# Google’s driverless cars are now legally the same as a human driver



## RamzFanz (Jan 31, 2015)

https://www.washingtonpost.com/news...s-are-now-legally-the-same-as-a-human-driver/

*Google's driverless cars are now legally the same as human driver*

U.S. regulators say federal law could consider its computerized self-driving system as the driver. The National Highway Traffic Safety Administration's decision comes as California has proposed draft rules that require steering wheels and a licensed driver in those cars. (Reuters)
If you hop into one of Google's pod-like self-driving cars, you won't be considered the driver, according to a letter sent to Google by federal transportation officials.
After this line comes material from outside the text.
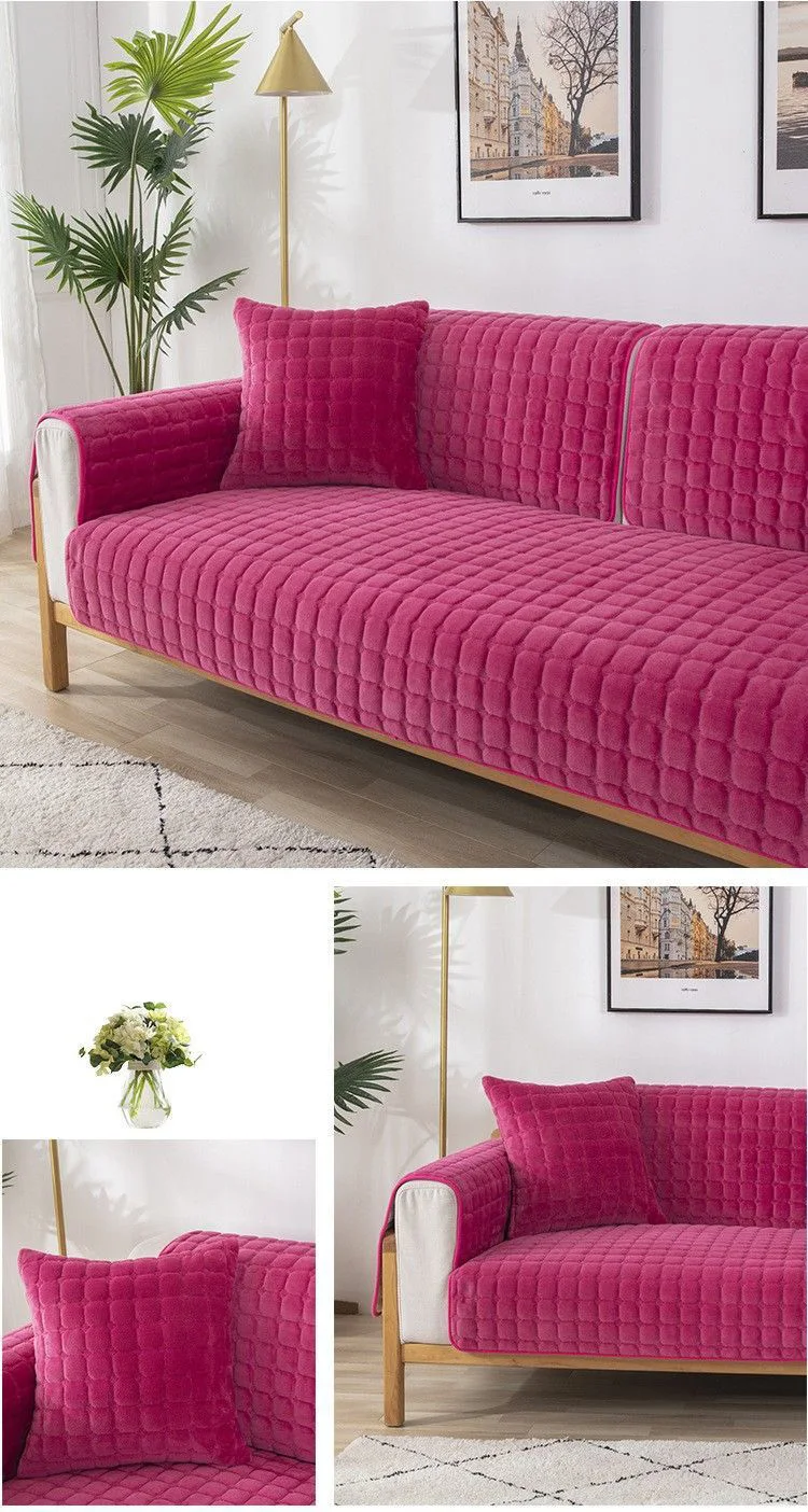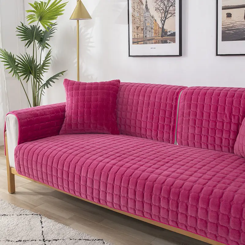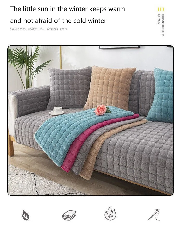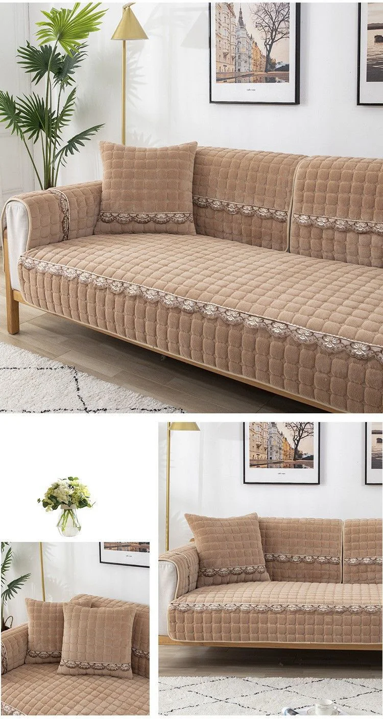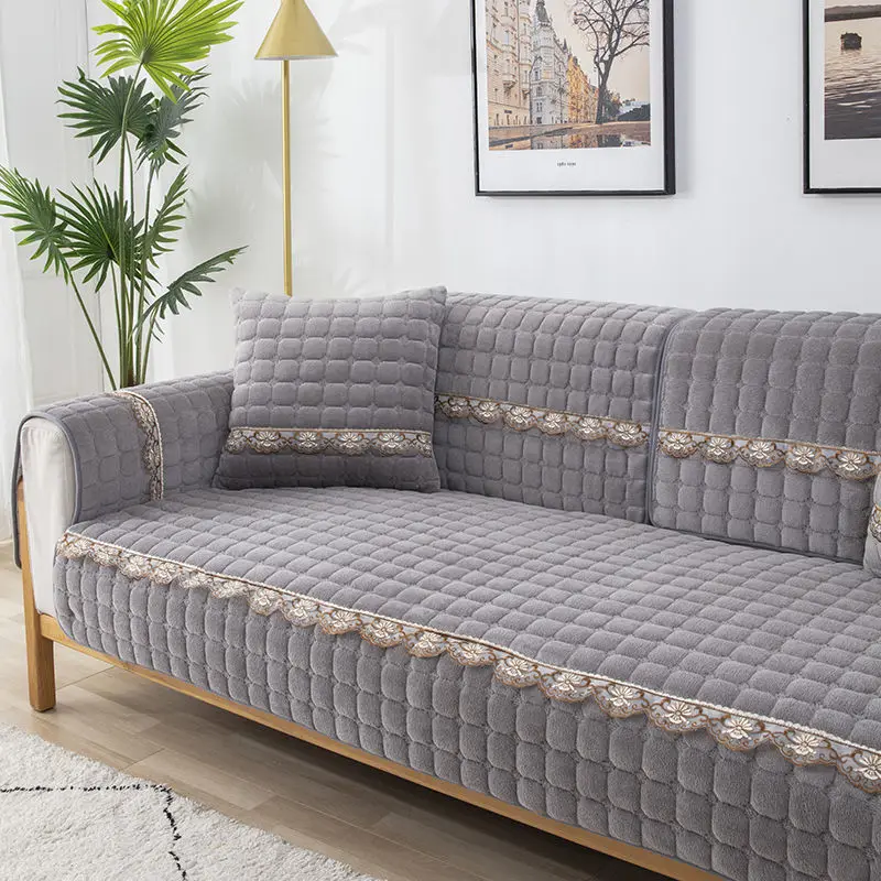 Плюшевая подушка для дивана, зимняя утепленная Нескользящая подушка для дивана, Высококачественная кружевная фланелевая подушка, Универсальный декоративный чехол для дивана

Instead, the law will treat the car's software as the driver.

"We agree with Google its [self-driving vehicle] will not have a 'driver' in the traditional sense that vehicles have had drivers during the last more than one hundred years," the letter reads. "If no human occupant of the vehicle can actually drive the vehicle, it is more reasonable to identify the "driver" as whatever (as opposed to whoever) is doing the driving."

The decision by the National Highway Traffic Safety Administration marks a huge moment for Google and the rest of the auto industry as it races to build the first fully autonomous motor vehicle. While most other carmakers are building their vehicles with steering wheels, brake pedals and other machinery in mind, Google imagines that its robot car will have none of these things.

That raised questions about how the government would view those cars. In November, Google filed a letter to NHTSA asking as much, calling for greater clarity about the word "driver" and what federal requirements Google might be subject to as a result, ranging from rearview mirrors to turn signals.









(Google)
NHTSA's response has wide-ranging implications for Google's engineers. But it doesn't categorically give Google the benefit of the doubt. For example, the agency's existing regulations for conventional cars require that vehicles include brake pedals and parking brakes that operate independently of one another by "hand or foot control."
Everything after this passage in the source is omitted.